▶ [Problem to solve]:
For the records below, output word for word the lines from the one with "На темных фактурах" up to and including the one with "Но сначала был". No pictures.

--------

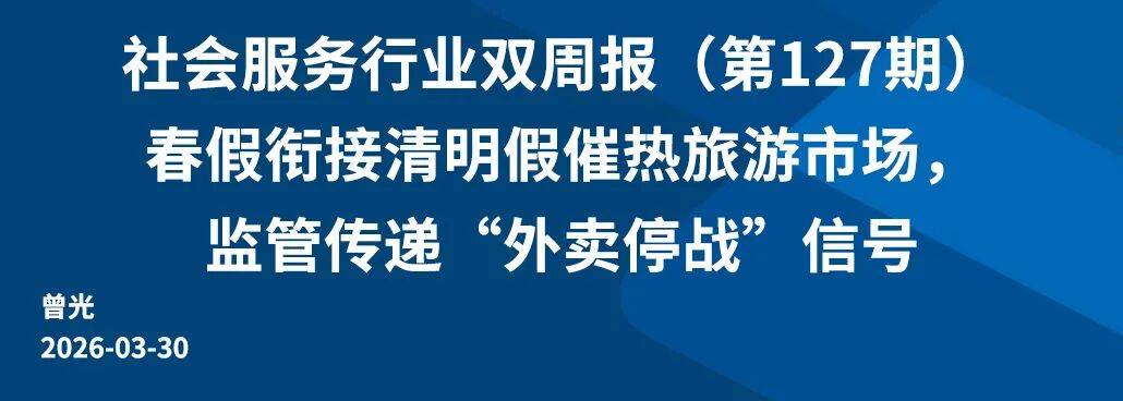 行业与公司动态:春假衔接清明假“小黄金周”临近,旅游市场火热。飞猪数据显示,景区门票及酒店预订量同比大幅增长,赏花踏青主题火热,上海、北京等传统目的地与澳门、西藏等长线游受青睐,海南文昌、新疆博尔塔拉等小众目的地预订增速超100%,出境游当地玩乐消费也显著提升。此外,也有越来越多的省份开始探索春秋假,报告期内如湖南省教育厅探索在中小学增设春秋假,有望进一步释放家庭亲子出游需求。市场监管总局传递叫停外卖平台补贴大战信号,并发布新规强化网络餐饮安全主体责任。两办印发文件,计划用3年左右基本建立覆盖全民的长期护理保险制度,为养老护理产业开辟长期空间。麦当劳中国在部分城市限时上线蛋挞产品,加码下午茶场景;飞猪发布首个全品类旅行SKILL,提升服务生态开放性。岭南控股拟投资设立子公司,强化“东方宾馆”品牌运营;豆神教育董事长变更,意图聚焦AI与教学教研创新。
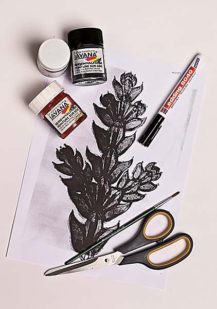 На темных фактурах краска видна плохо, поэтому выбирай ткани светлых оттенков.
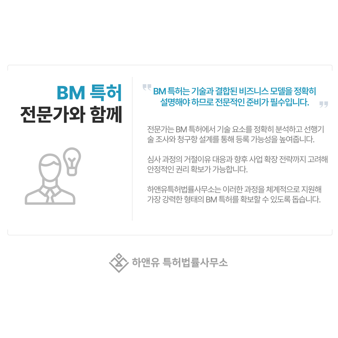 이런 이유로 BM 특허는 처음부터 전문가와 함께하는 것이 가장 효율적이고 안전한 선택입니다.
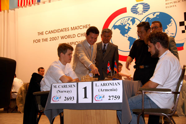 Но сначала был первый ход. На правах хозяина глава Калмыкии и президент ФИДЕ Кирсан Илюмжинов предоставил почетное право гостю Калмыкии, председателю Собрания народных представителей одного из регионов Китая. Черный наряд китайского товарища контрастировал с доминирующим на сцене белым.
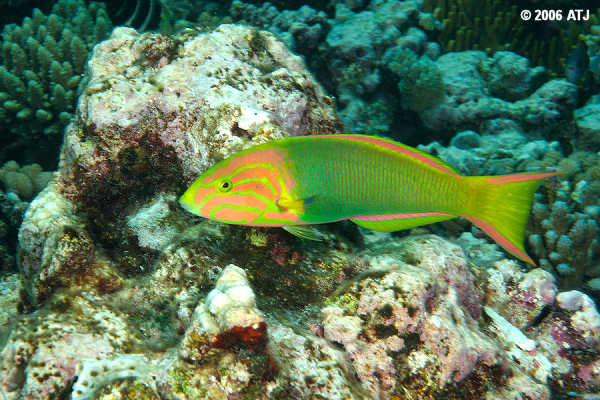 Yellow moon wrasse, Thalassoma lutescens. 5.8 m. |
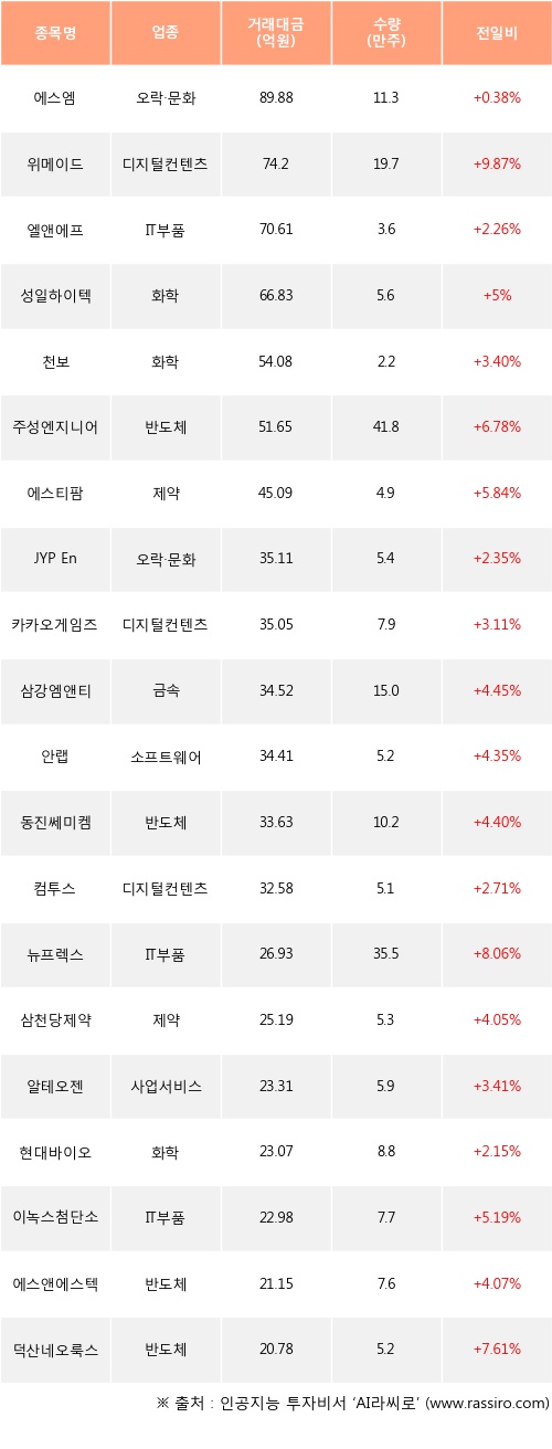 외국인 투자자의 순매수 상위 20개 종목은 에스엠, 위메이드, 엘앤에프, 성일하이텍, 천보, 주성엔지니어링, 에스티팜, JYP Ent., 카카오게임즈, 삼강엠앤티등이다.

--------

▶ [Final answer]:
 На темных фактурах краска видна плохо, поэтому выбирай ткани светлых оттенков.
 이런 이유로 BM 특허는 처음부터 전문가와 함께하는 것이 가장 효율적이고 안전한 선택입니다.
 Но сначала был первый ход. На правах хозяина глава Калмыкии и президент ФИДЕ Кирсан Илюмжинов предоставил почетное право гостю Калмыкии, председателю Собрания народных представителей одного из регионов Китая. Черный наряд китайского товарища контрастировал с доминирующим на сцене белым.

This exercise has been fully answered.